WHEN Jane* arrived with a bruised face at work she could not bring herself to tell any of her seemingly burly colleagues what happened. Jane said it did not feel the right place to speak up or seek help.
Jane wants to speak out now, more than a decade later, to offer women hope in their most darkest of places.
She has survived three abusive relationships. By the third, the most extreme of her experience with violence, Jane says she could finally recognise the warning signs for what could spiral into exactly what she did not want in a relationship.
Compounding trauma in her personal life prompted Jane to let go her dreams for a career in the construction industry and her "white picket fence" dreams to start a family.
Since moving home to Ballarat seven years ago, Jane has re-built her life with strong support from family and friends.
Jane said, for her, moving forward was about making small steps in minimising danger when in a difficult situation.
Jane wants to encourage women to never feel down on themselves if in a difficult and dangerous situation, rather to focus on hope - however seemingly tiny a flicker of hope it might be.
Above all, Jane wants women in such relationships to remember it was not their fault.
I got a steady job, my own place and surrounded myself with good people.
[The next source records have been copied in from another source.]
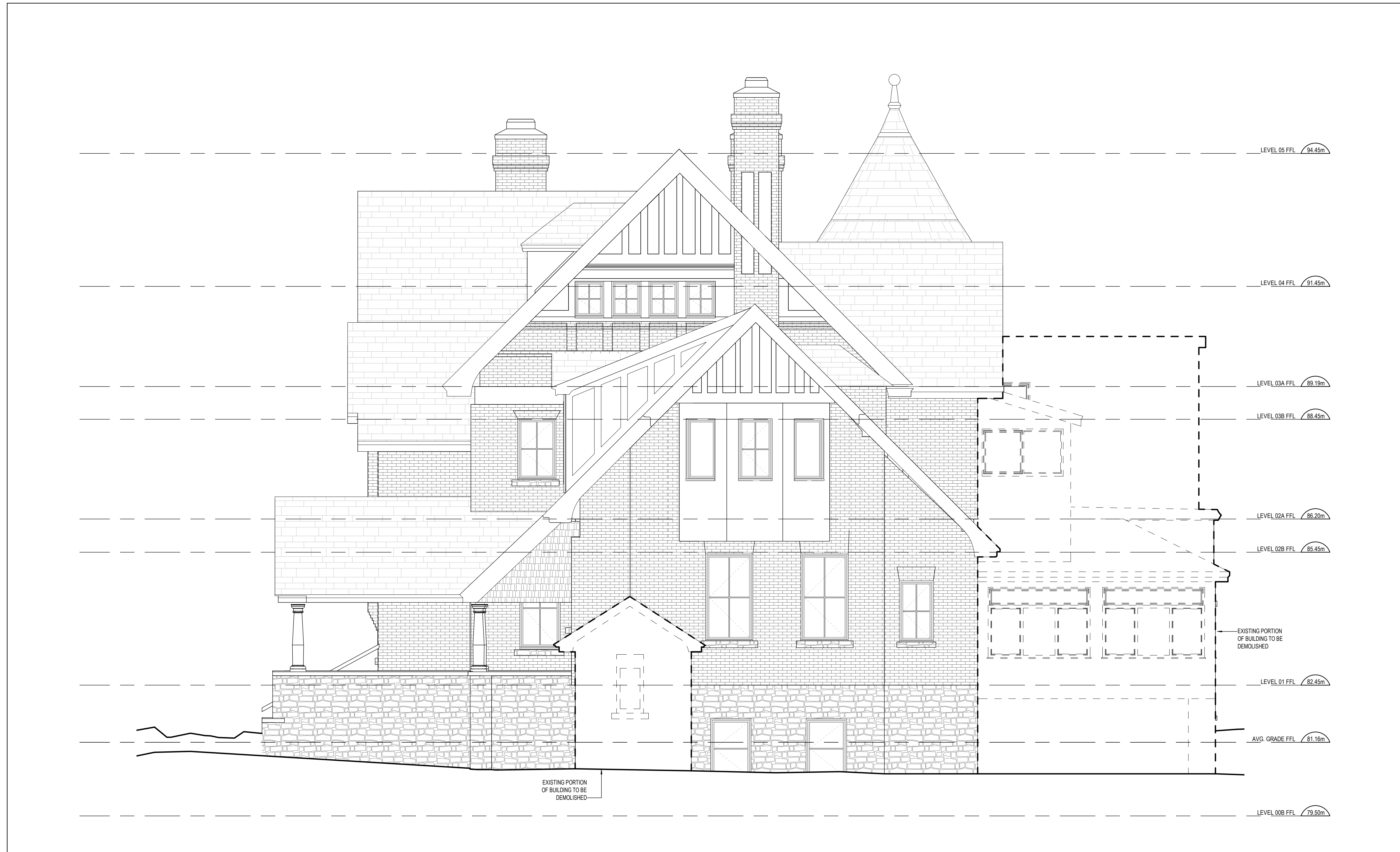
1 EAST ELEVATION - DEMOLITION D202 SCALE: 1 : 50

16 ISSUED FOR HERITAGE PERMIT 2020-12-08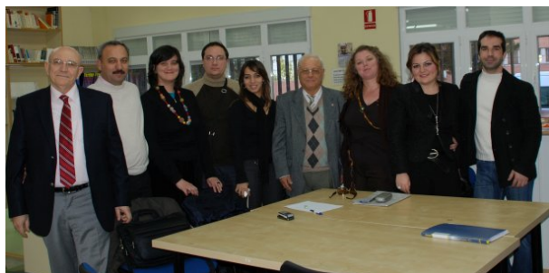
Group discussion on the Digital Library

Project Newsletter no. 1 - December 2008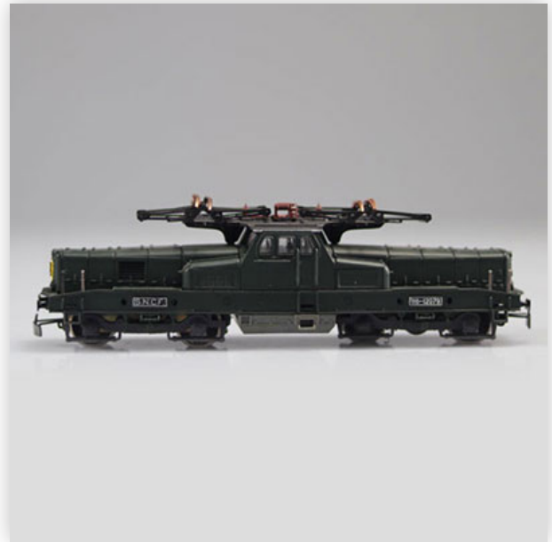
22 Jouef locomotive / Reference: - / Type: ELECTROMOTY B-12079

Référence: GFAB6585 — Poids: 200 g — Sizes: L=175mm — Condition: At first glance - very good condition - no restoration - no repair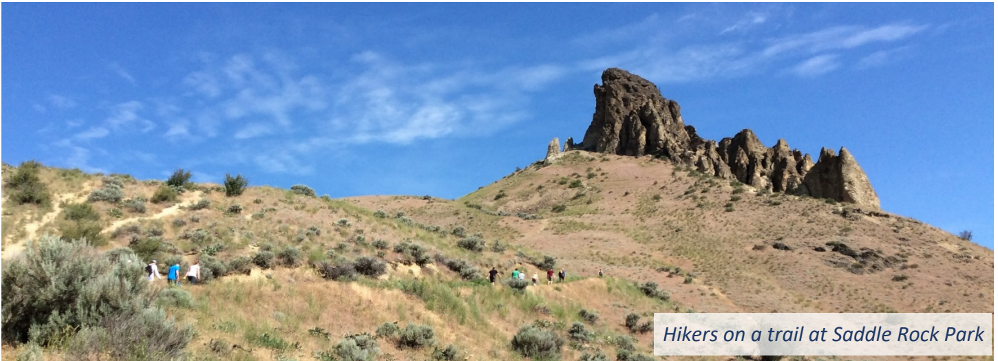
Hikers on a trail at Saddle Rock Park

Then, I could kinda let the bad experiences go.Jane
Ballarat's frontline welfare workers, specialising in helping family violence survivors say it is vital to note this is one woman's experience - every experience is different - but it helps highlight key messages of resilience.
Jane left Ballarat straight out of high school for university studies in Melbourne in the 1990s. She considers herself to have then been naive to living out of home. Within a couple of years, Jane was half-way through a demanding university degree in architecture and a stone restoration apprenticeship.
"I fell into a relationship with a guy from a very different upbringing to me but I didn't worry. I thought things would turn around...He was from an abusive background and he had a rigid personality compared to me, I was more emotional and flexible about things," Jane said. "He dislocated my shoulder. It was fairly traumatic to be an apprentice back at work."
In the next 13 years, Jane had three relationships with men who became physically and emotionally abusive towards her. Jane was thrown against floors, punched in the face, interrogated and isolated from her friends.
Melbourne no longer seemed safe, even after breaking from the third relationship. Witnessing abuse and violent incidents on trains and trams in the city triggered her own horrific memories.
Personal and emotional safety became paramount for Jane and this, for her, meant moving home to a city with familiar faces in the streets.
"I got a steady job, my own place and surrounded myself with good people. Then, I could kinda let the bad experiences go," Jane said.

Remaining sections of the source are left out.